Ha lo sguardo basso, Alex. Lui, che ha sempre guardato la vita in faccia, adesso si vergogna, si fa piccolo piccolo come un bambino che ha paura di parlare alla madre.

«Sono io la malata! Sono io che sono quasi morta, non tu! Non tu!» grido io, con tutta la forza che la spossatezza della chemio riesce a causarmi. Con la forza che mi rimane, contando anche quella che i singulti mi portano via, mi strappo la parrucca dalla testa ormai calva e la lancio addosso ad Alex che non prova nemmeno a scansarsi.

La zazzera bionda lo colpisce in pieno viso, lo fa ridere di gusto, tanto da piegarsi in due.

«E adesso perché ridi, si può sapere?» chiedo, avvicinandomi ad Alex che, nel frattempo, si è seduto per terra con me, fregandosene delle macchie sul vestito. Poggio la testa sulla sua spalla, il naso gocciolante che provoca l’ennesima macchia su quel vestito da lavare.

«Non ci crederai, ma io proprio non te la potevo vedere quella parrucca. Tieni.»

Aprendo la mano con lentezza, quasi a voler creare quel poco di atmosfera che abbiamo già perso con le nostra urla, Alex scopre il contenuto misterioso della sua mano.
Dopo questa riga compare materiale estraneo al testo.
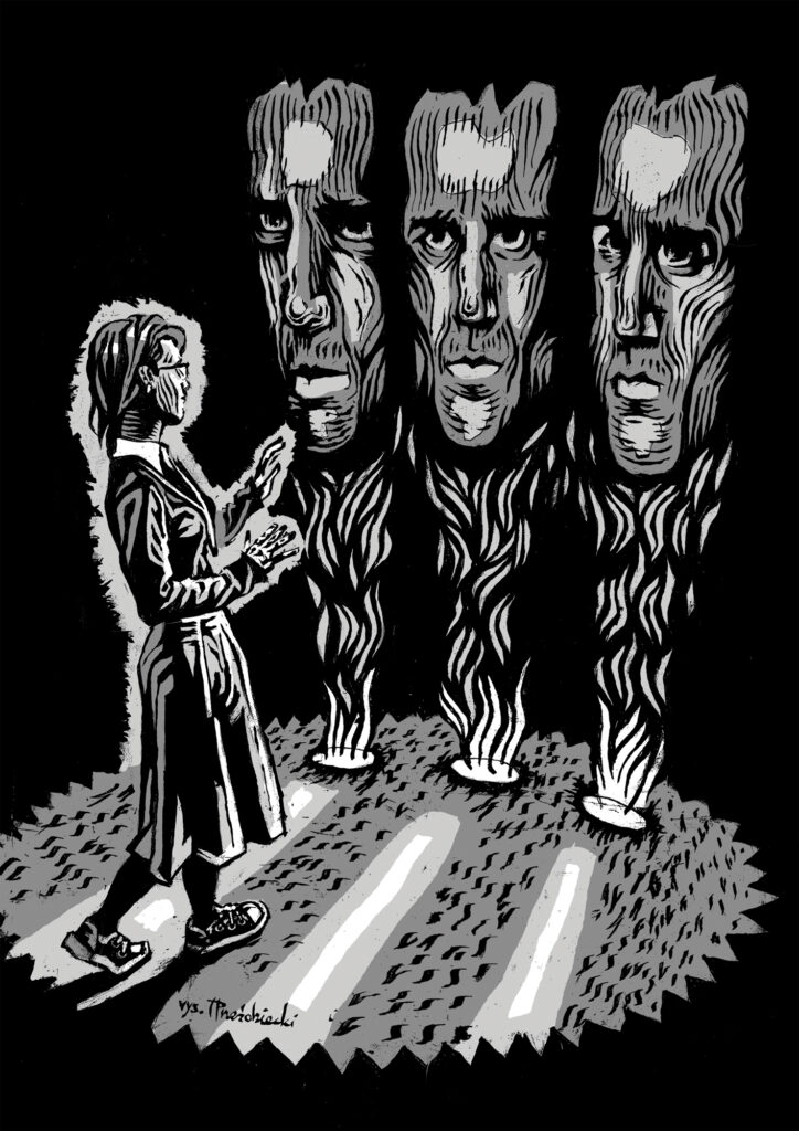 Spośród postaci, nad którymi pracowałem, szczególnie zapadła mi w pamięć dziwna, trójgłowa zjawa – hologram z powieści Horologium. Zadziałała na moją wyobraźnię jako coś wyniosłego, mrocznego, a zarazem budzącego strach. Nie chciałem, by były to zwykłe głowy, lecz formy odrealnione, nierzeczywiste.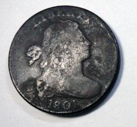 1801 3 error reverse and die state B heavy cracks large cent,moderate corrosion

A mano a mano che un dito si schiude, vedo dei colori sgargianti risaltare sulla sua carnagione scura.

Ed è solo quando la sua mano si apre completamente che vedo il foulard.

Il disegno floreale alterna colori freddi sullo sfondo, un blu cobalto che risalta sulla mia carnagione candida, e colori vivaci che animano fiori stilizzati, che mettono allegria.

«Voltalo.» mi intima Alex, con malinconia.

Giro il foulard tra le mie mani, affondando le dita in quella morbidezza colorata che non può non farmi felice. Con la punta delle dita, avverto un ricamo sottile, ma percettibile.

Gli occhi si appannano istantaneamente quando leggo cosa c’è scritto.

«Leggilo ad alta voce, Izzie.» mi chiede con garbo Alex, stringendomi le mani.

Prendo un bel respiro, sento il cuore accelerare per lo sforzo.

Quel cuore che solo dopo un litigio capisce quanto non voglia più star solo, quanto non potrebbe più sopportare una rottura o una ferita aperta. Un cuore nuovo, attivo.

Un cuore che, rileggendo la frase del nostro matrimonio, sa solo sorridere.

«Oggi, Izzie Stevens, inizia la nostra vita insieme e ad essere sincero non vedo l’ora.»